The United Nations (UN) says Yemen’s Ansarullah movement have handed over security of three key ports in the western province of Hudaydah to the local “coastguard” by unilaterally pulling out from the ports in line with a UN-brokered accord, while hinting that the other side to the conflict has not carried out its end of the bargain.
The Ansarullah movement has been in control of the key ports of Salif, Ras Isa, and Hudaydah, the last of which has been under a tight siege and offensive by forces fighting on behalf of a former Yemeni regime as well as Saudi Arabia and the United Arab Emirates, the two main countries in a coalition waging war on Yemen.
More than 70 percent of Yemen’s imports used to pass through the docks of Hudaydah, a lifeline for the war-ravaged country’s crippled economy. Salif was used for unloading all main types of grain, and Ras Isa, a vital oil terminal, was used for exporting Ma’rib’s light crude oil.

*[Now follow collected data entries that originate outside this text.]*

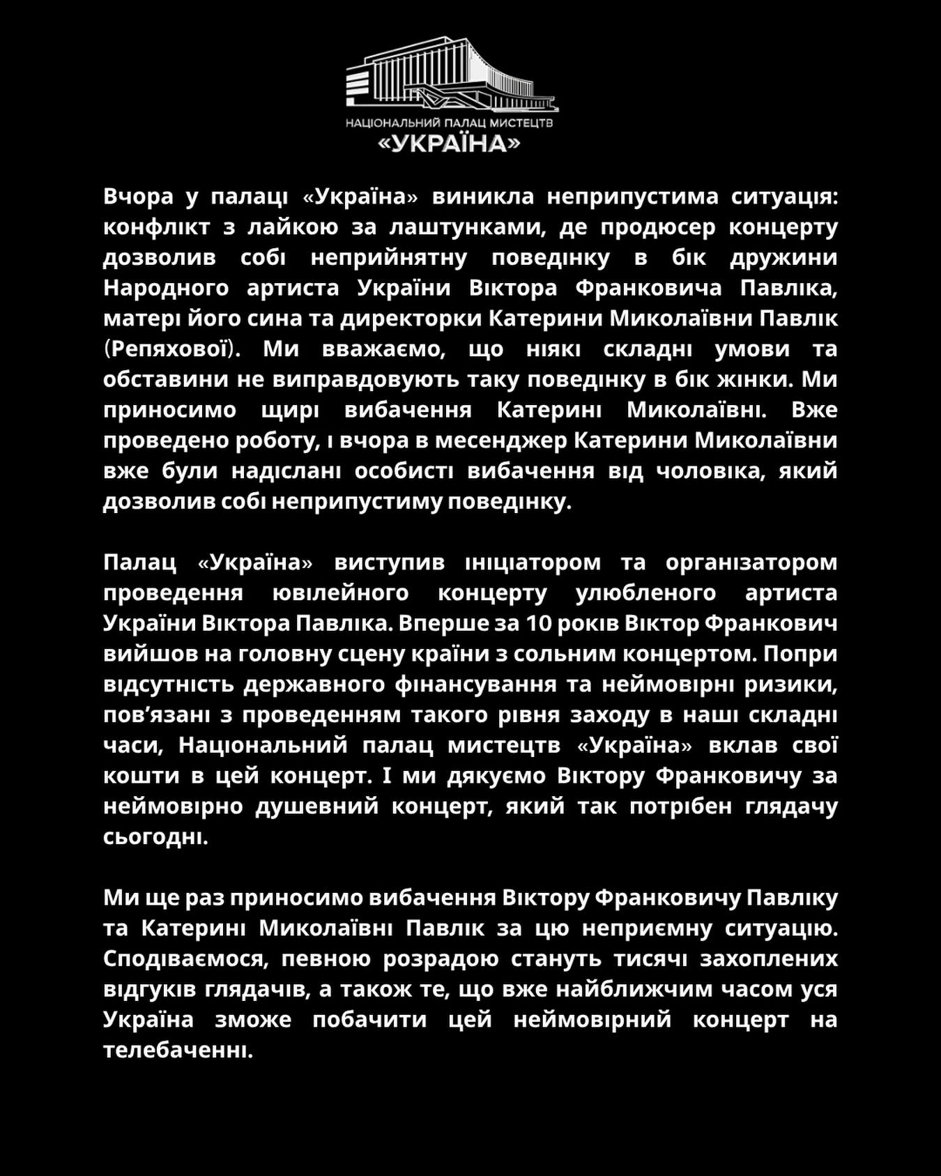 За повідомленням адміністрації, за лаштунками виник конфлікт, під час якого продюсер концерту дозволив собі неприйнятну поведінку та нецензурну лайку в бік дружини артиста, матері його сина Катерини Миколаївни Павлік (Репяхової). У Палаці «Україна» наголосили, що жодні складні умови підготовки заходу не виправдовують таку поведінку в бік жінки.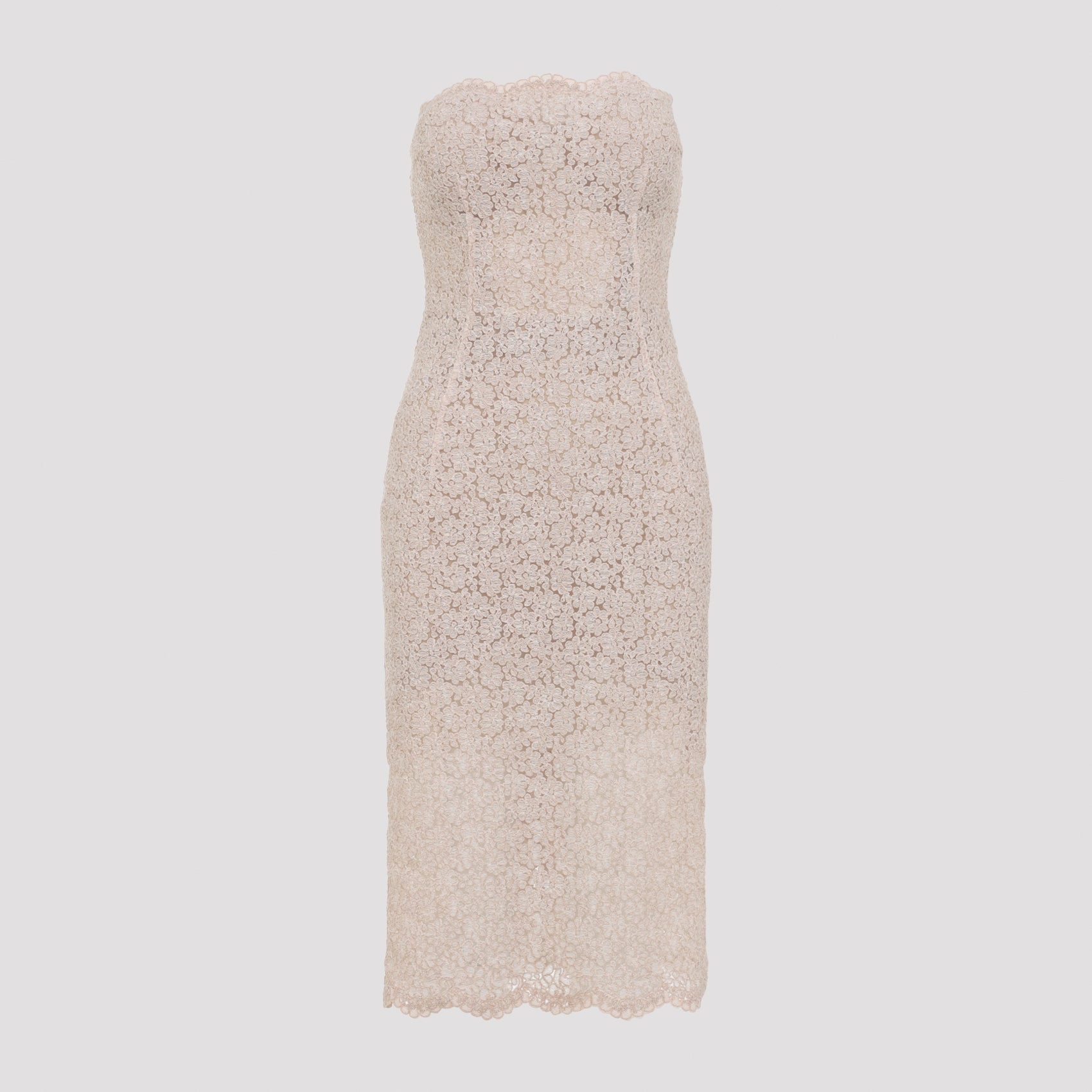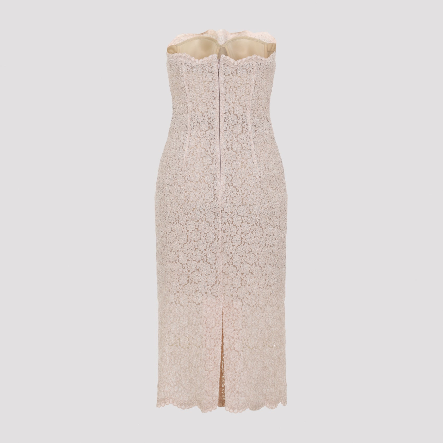 Ermanno Scervino Lace Pink Cotton Midi Dress. Midi dress crafted from pink floral lace, it features a straight neckline, pre-formed bra cups, a concealed zip fastening at the back, scalloped hems, and a lining.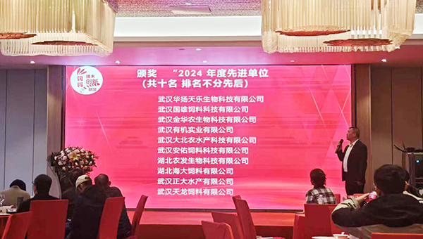 3 月 28 日,武漢市飼料協(xié)會(huì)年會(huì)暨第四屆第二次會(huì)員大會(huì)在武漢市歐亞國(guó)際會(huì)議酒店隆重舉行。武漢金華農(nóng)生物科技有限公司憑借在科技創(chuàng)新、產(chǎn)業(yè)服務(wù)及行業(yè)引領(lǐng)等方面的突出表現(xiàn),被授予2024 年度畜牧行業(yè)“先進(jìn)單位” 榮譽(yù)稱(chēng)號(hào)。湖北省農(nóng)業(yè)農(nóng)村廳畜牧獸醫(yī)處李處長(zhǎng)、武漢市農(nóng)業(yè)農(nóng)村局張局長(zhǎng)、武漢市農(nóng)業(yè)農(nóng)村局余處長(zhǎng)出席活動(dòng)并為獲獎(jiǎng)單位頒獎(jiǎng)。武漢金華農(nóng)生物集團(tuán)富勝董事長(zhǎng)出席活動(dòng)并致辭。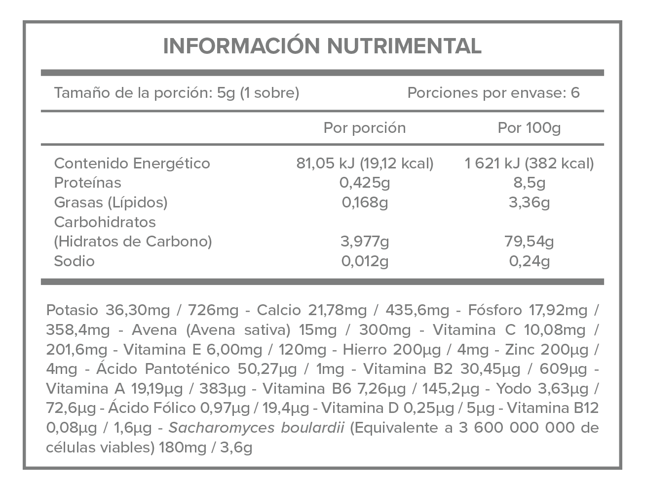 Maltodextrina, Leche de Soya [Aislado de Proteína de Soya, Aceite de Palma, Sólidos Lácteos, Suero de Leche, Sacarosa, Fosfato de Calcio, Monoglicéridos, Lecitina, Saborizante Artificial, Vitamina A, Vitamina C, Óxido de Zinc, Vitamina D, Hierro, Vitamina B12, Riboflavina, Yoduro de Potasio, Betacaroteno (como colorante) y Metabisulfito de Sodio], Fructooligosacáridos, Sacharomyces boulardii, Dióxido de Silicio, Sabor Leche, Fosfato dibásico de Calcio, Avena (Avena sativa), Cloruro de Potasio, Ácido Ascórbico (Vitamina C), Acetato de Alfa Tocoferol (Vitamina E), Hierro, Pantotenato de Calcio (Vitamina B5), Riboflavina 5 Fosfato de Sodio (Vitamina B2), Clorhidrato de Piridoxina (Vitamina B6), Ácido Fólico, Yoduro de Potasio y Cianobalamina (Vitamina B12).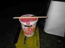 ノーフッキング、潮止まりでもあるので夕食を取ります。今日の晩御飯はカップヌードルBIGでございます。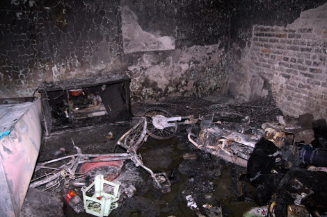 Hành hung các chị xong, Dũng xô đổ tủ lạnh, ti vi…, giật đổ xe máy Dream ra giữa nhà rồi dùng châm lửa đốt khiến cả tầng 1 ngôi nhà bùng cháy.

The lengthy siege has pushed tens of thousands of people in Yemen to the verge of starvation and crippled the country’s economy. In an effort to prevent the humanitarian situation from further deteriorating and to avert a larger assault by the Saudi-led coalition on the ports, the Ansarullah signed a UN-brokered agreement with the ex-government in Sweden last December.
The warring sides agreed to withdraw their forces from the ports in a two-stage process, the first phase of which for the Ansarullah side unilaterally began on Saturday and was scheduled to be completed on Tuesday.
Lt. Gen. Michael Lollesgaard, the head of the UN Redeployment Coordination Committee (RCC), in a statement on Tuesday confirmed the handover “of the security of the ports to the coastguard” by the Ansarullah movement, an important step in the first phase of the so-called redeployment.
“UN teams have been monitoring this redeployment, which has been executed, partly as agreed by the Yemeni parties in the concept of phase one,” he said after visiting the ports.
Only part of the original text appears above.